For this critical play, I played the game Cards Against Humanity, a party card game created by 8 friends in 2011.

The target audience for Cards Against Humanity is groups of 3-20+ people, working best for groups of adult friends older than around 17 (due to the nature of the card contents). One player is the judge or ‘Card Czar,’ and to begin the round they choose, play, and read aloud a black card with questions or a fill-in-the-blank sentence. The remaining players choose from 7 white cards in their hand (featuring nouns/gerunds) and play them face down in the middle of the table. The judge will then read each option aloud and award a point to the funniest card. The role of the judge changes, players redraw their cards, and everyone plays until someone reaches a certain number of points. 

This objective makes Cards Against Humanity a Unilateral Competition style game, as each player aims to win as many rounds as possible. The main type of fun, then, is fellowship. Because of the nearly infinite possible combinations of black and white cards, every round is different and engaging. Sometimes you have a perfect combination of cards and sometimes it’s more random, but every round is different and offers yet another wacky and taboo suggestion. Making your fellow players laugh offers fun memories, and engaging with the potentially unexpected combinations means the game is hard to get bored of.

The game’s main influence is likely Apples to Apples, a similar game containing the same mechanic wherein a singular judge gets to decide the winner amongst group submissions. While Apples to Apples is more wholesome and family-oriented, however, Cards Against Humanity takes a turn towards more vulgar or politically incorrect humor, making it better suited for adults. 

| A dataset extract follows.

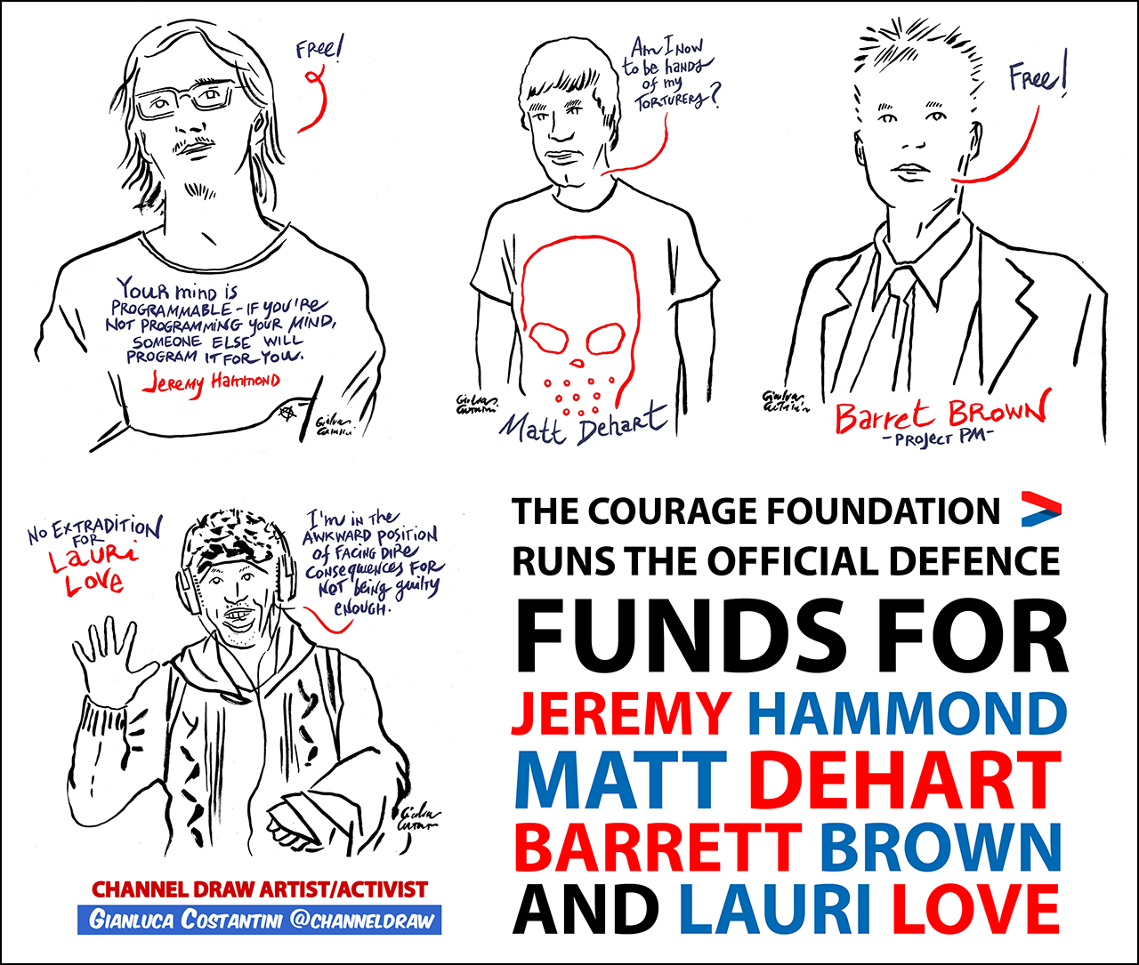 Gianluca has an array of material about the Kurdish people and other groups resisting in Turkey among other things, as well as strips in support of Allepo, Keywan Karimi, Julian Assange, Chelsea Manning and the #FreeAnons: Jeremy Hammond, Matt DeHart, Barrett Brown, Martin Gottesfeld, Lauri Love.

The vulgar content of the cards unfortunately opens the door for discomfort or offensiveness. It can be stressful or revealing to feel like you don’t understand a certain inappropriate joke or to suggest a combination that another player might not like. This makes the game slightly more stressful to play around strangers, who you may not know as well or be as comfortable with. However, changing the nature of the cards’ contents would simply change the intended audience, and plenty of people find the game absolutely hilarious. One final adjustment that might work for all potential audiences would be to introduce blank or wild cards where players can write in their own original answer, either just for the round or to keep in the box, offering groups a chance to customize the game and include more inside jokes or to shift the focus of the game towards a specific kind of topic/humor.